En quête d'un nom pour Matignon, Macron poursuit ses consultations

  • Nouvelle journée de tractations à l'Elysée. La présidente de l'Assemblée nationale Yaël Braun-Pivet y est attendue à 9H30 pour ouvrir le bal, que son homologue du Sénat Gérard Larcher clora à 17H00
  • Le rendez-vous principal à l'agenda présidentiel sera toutefois l'entretien avec Marine Le Pen et Jordan Bardella à 10H45.

PARIS: Consultations, suite et fin ? Après la gauche, la droite et son propre camp vendredi, Emmanuel Macron reçoit lundi les chefs de file de l'extrême droite, ainsi que les présidents de l'Assemblée et du Sénat, en vue de désigner enfin un nouveau Premier ministre.

Nouvelle journée de tractations à l'Elysée. La présidente de l'Assemblée nationale Yaël Braun-Pivet y est attendue à 9H30 pour ouvrir le bal, que son homologue du Sénat Gérard Larcher clora à 17H00. Les deux têtes du Parlement feront entretemps une apparition commune en début d'après-midi à l'université d'été du Medef.

Le rendez-vous principal à l'agenda présidentiel sera toutefois l'entretien avec Marine Le Pen et Jordan Bardella à 10H45. Les leaders du Rassemblement national seront suivis à 12H00 de leur nouvel allié Eric Ciotti.

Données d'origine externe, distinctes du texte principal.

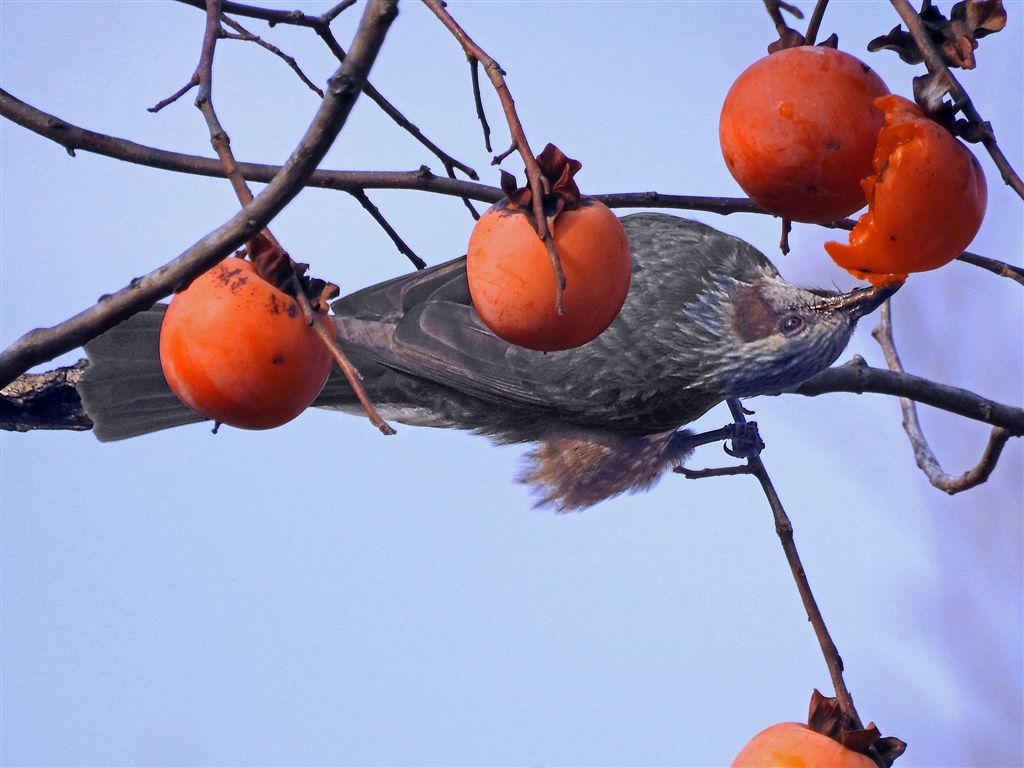 ヒヨドリのこの態度、仰向いて水平になりながらも食っている 換算2000o

L'extrême droite, qui a fait une croix sur Matignon après sa défaite aux législatives, aura l'occasion de rappeler au chef de l'Etat son refus d'un gouvernement de gauche, avec ou sans ministres Insoumis. "On censurera tout gouvernement qui est issu du Nouveau Front populaire, mais surtout qui applique le programme du Nouveau Front populaire", a indiqué Sébastien Chenu, lundi sur France 2.

"Ce n'est pas une histoire d'hommes, c'est une histoire de programme", a assuré le vice-président du RN, martelant toutefois sa volonté de "mettre au ban du système politique" la France insoumise, "parti antirépublicain" qui porte selon lui un projet "néfaste pour le pays".

Cinglante fin de non-recevoir à Jean-Luc Mélenchon, qui espérait désamorcer les multiples menaces de censure en ouvrant la porte pendant le weekend à une non-participation de LFI: un gage de bonne volonté pour permettre la nomination à Matignon de Lucie Castets, candidate désignée par le NFP.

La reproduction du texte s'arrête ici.